Edit: To elaborate, the actual code to do this properly would have to allocate some memory when the file was opened, this memory would hold the reply once a question was written. Then when the answer was read it would have to respond with that in there. Finally when the file is closed it would have to deallocate.
This code is quite far from accurate, the issue I have with the concept that even if this bot was 99% accurate, C is not a "try it and see" language. If you apply "try it and see" techniques to C you just get subtle undefined behaviour which you might not notice until someone uses it to remotely execute code on your machine. Really I am not so sure that even humans can be trusted to write C but at the very least I am well aware of all the instances where C is a minefield and can pay extra attention to those, if you simply look at the plethora of information on C out there to learn C and apply it to kernel development you won't automatically build these intuitions no matter how much code you read because an enormous amount of C out there is hideously wrong in many ways.

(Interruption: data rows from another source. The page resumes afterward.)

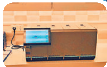
船上設有新冠病毒PCR核酸檢測儀器。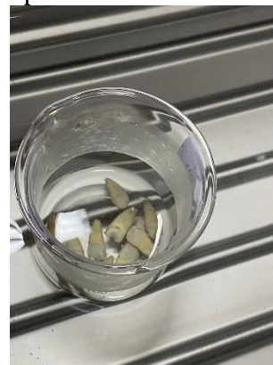
4. Thermocycling pada suhu 55°C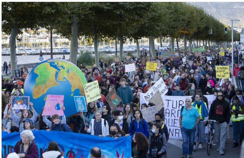
Le climat, une problématique centrale pour les jeunes et les adultes à Genève (RTS, 2021)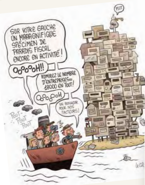
Partage des richesses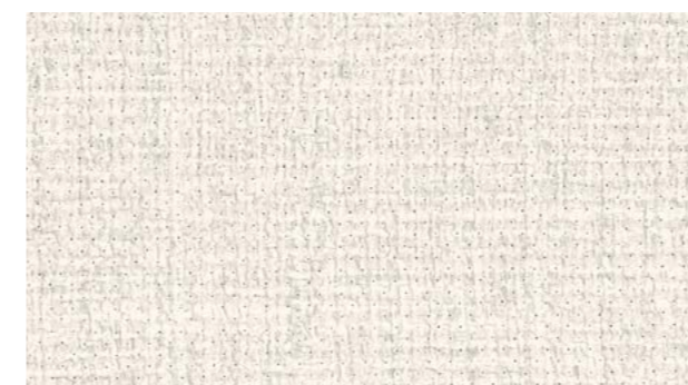
SIAN 9181 01 36 Beige clair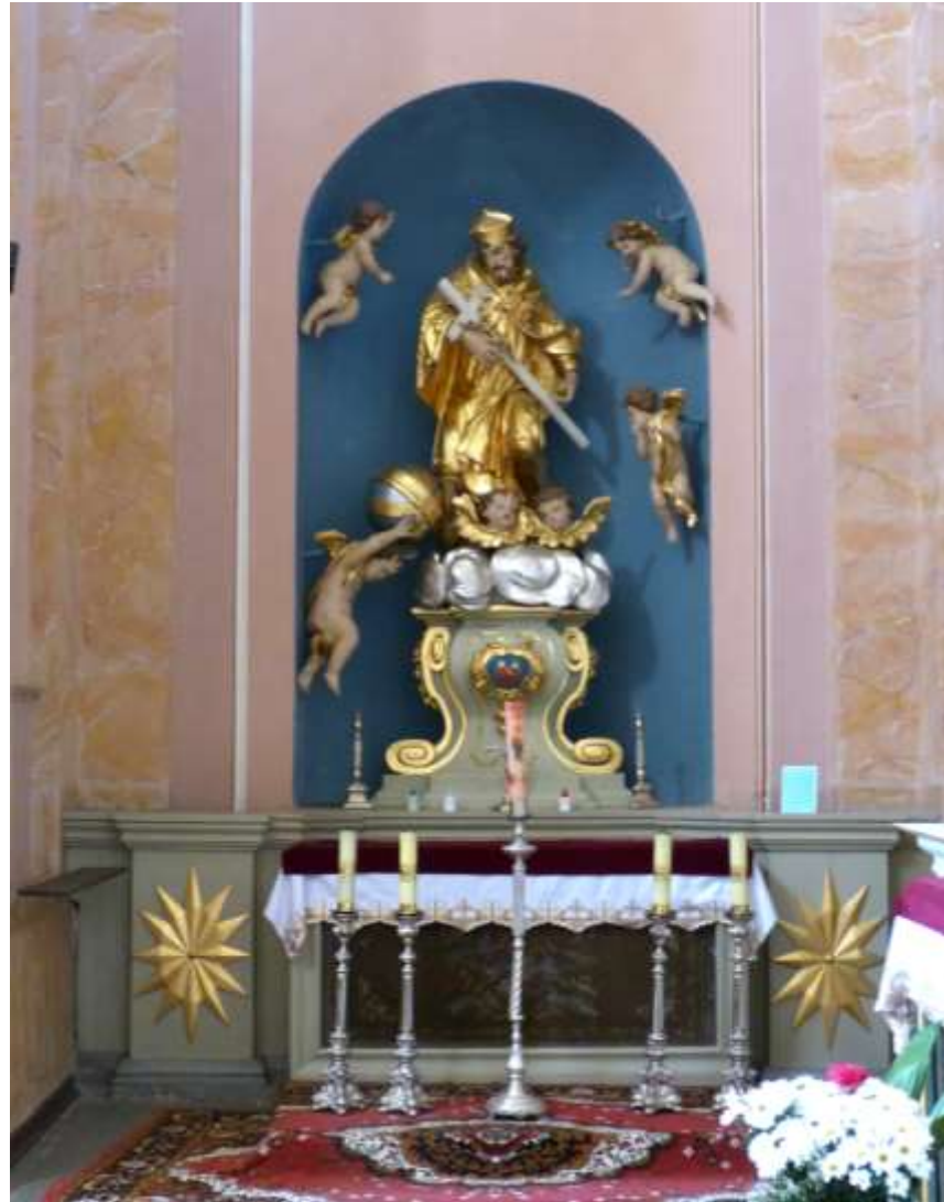
Barokowy kościół popijarski NMP z lat 1701-07; ołtarz Jana Nepomucena zamyka prawą nawę.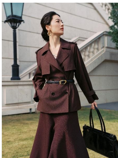
JZ 玖姿 品牌风格及店铺形象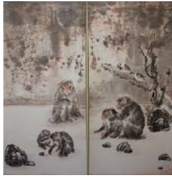
「作品 1」方志偉，《我們這一家》，彩墨·紙本(連屏)，2009年 5 月，280×140cm..... 56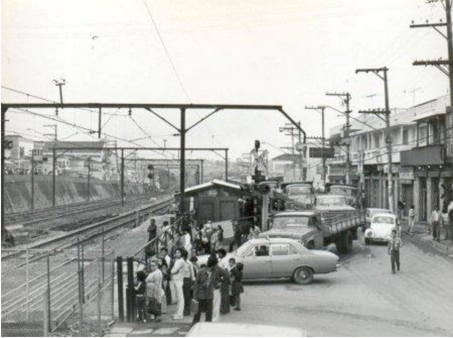
(Centro Comercial de Guaianases em 1977)

A grande maioria dos habitantes do bairro era de nordestinos recém-chegados de seus estados de origem, que vinham para a cidade de São Paulo com suas trouxas cheias de sonhos.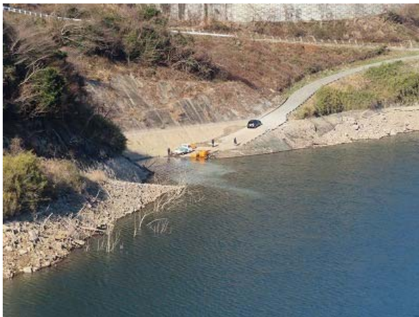
水質事故発生時点の状況(撮影2月3日 15時頃)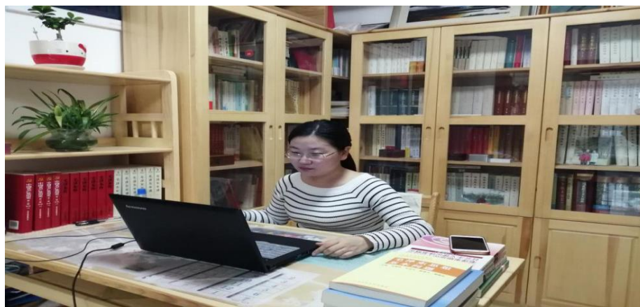
思政课教师线上教学实录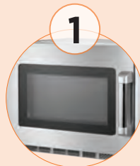
1 Cristal externo para poder visualizar el producto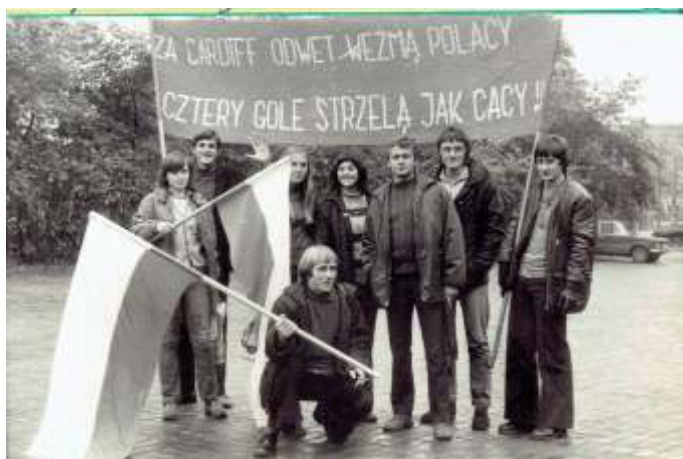
Młodzież internacka przed meczem Polska – Walia w Chorzowie – 1973 r.

Na przełomie lat 70 i 80 mieszkańcy internatu brali aktywny udział w kółkach zainteresowanych działających na terenie Zespołu Szkół Zawodowych im. W. Orkana. 80 % członków zespołów muzycznych stanowiła młodzież z internatu.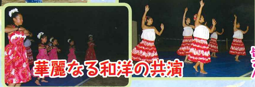
華麗なる和洋の共演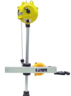
easy-linearfix-Tele Dreiachsiger Entlastungsarm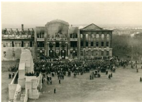
Бахмут во время оккупации немцами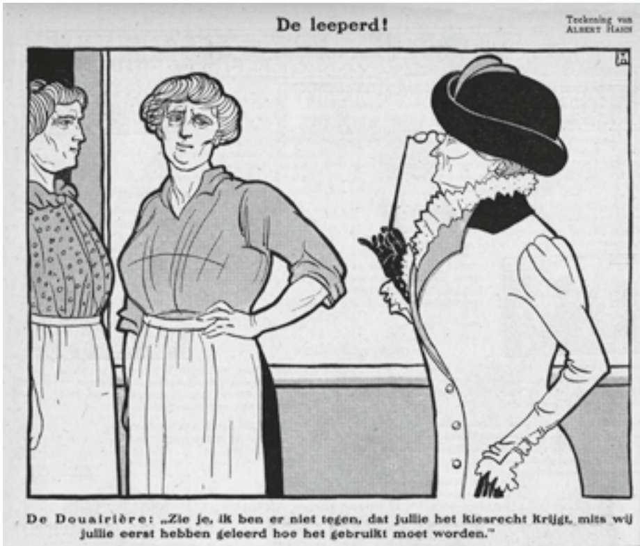
Afb. 10 'De leeperd!', spotprent van A. Hahn in De Notenkraaker , 16 september 1916.

hadden niet het verkrijgen van vrouwenkiesrecht als eerste doel, zoals de Vereniging voor Vrouwenkiesrecht (1894-1919), maar de 'opvoeding tot het verkrijgen van het vrouwenkiesrecht'. Op deze manier wilden zij het maatschappelijk draagvlak voor vrouwenkiesrecht te vergroten. 14 De SDAP beschouwde het streven van de Bond echter als een sluwe truc om arbeidervrouwen uit te sluiten. 'De leeperd!' denken de vrouwen op deze prent van de 'Douairière' die hen minzaam toespreekt met: 'Zie je, ik ben er niet tegen, dat jullie het kiesrecht krijgt, mits wij jullie eerst hebben geleerd hoe het gebruikt moet worden.'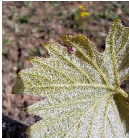
Galle phylloxérique

Si les porte-greffes utilisés aujourd'hui sont résistants ou tolérants au phylloxera et évitent les dégâts les plus importants, il arrive occasionnellement de trouver une galle liée à la piqûre du puceron sur les limbes des feuilles.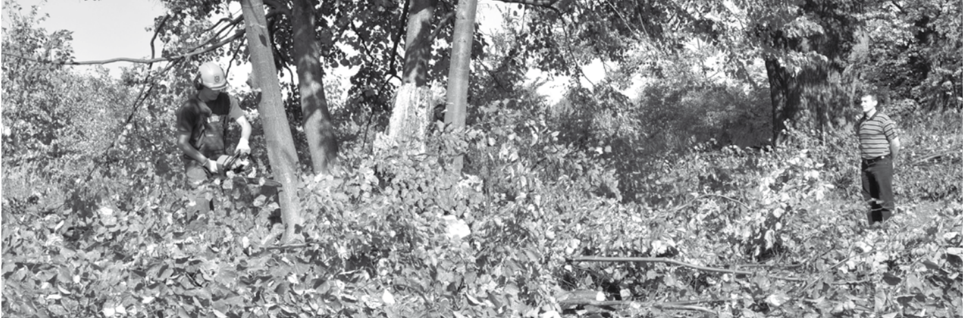
Zabiegami objęto cały drzewostan.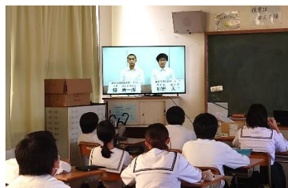
政見放送スタイルによる演説

選挙の結果、新しい生徒会役員が決まりましたのでお知らせします。例年、生徒会役員は、よりよい学校づくりに向け積極的に活動し、様々なことを実現しています。重責を担うこととなりますが、よろしくお願ひします。

Final edit: Once you start looking at the details, it has managed to implement a bunch of buffer overflows to boot.
> Fortunately, a human will know to fix that broken 4-space indentation and that brace placement before inclusion in the Linux kernel repository.
What's your point, that ChatGPT wouldn't know how to do that, especially if the kernel maintainers gave it such feedback?
I thought it was clear that it can in fact do that (sometimes by asking clarifying questions, like a human would).
I think some of the major things missing in ChatGPT is the ability to interact with a computer directly (including the compiler and checkpatch.pl, and using files for information storage instead of a limited N-token context), as well as interacting with humans by itself (e.g. via email).
And sure, it would still have very limited capabilities in many ways, don't get me wrong, as I don't think it could replace a programmer at this point.
> The hard part is translating the business requirements into something that a computer could understand
No, that's actually the easy part.
The hard part is to translate the requirements into something that a computer can understand and a human can also easily understand at the same time. Because otherwise, it's a one-off program that can't really be changed afterwards anymore.
And that is the real challenge that I'm curious about: how good will ChatGPT be in not only helping me with small, trivial, issues, but with the big ones.
"ChatGPT, here's this small 500k line repository. I need to change the business requirements and make it so that when a user fails to login 3 times in a row, a captcha is being shown before they can attempt again."
And if ChatGPT then gives me a 10k line diff that would be terrible. It should really minimize the diff but still keep it understandable. THAT is what I would love to see.
No need to feed it. I had it converting between the C=128's BASIC 7 and C=64's BASIC 2 without any additional context. Did a better job than 14 year old me had done back in the day, too.
What do you think coders do?
Did they learn to code by themselves, without ever looking at any preexisting code, or what?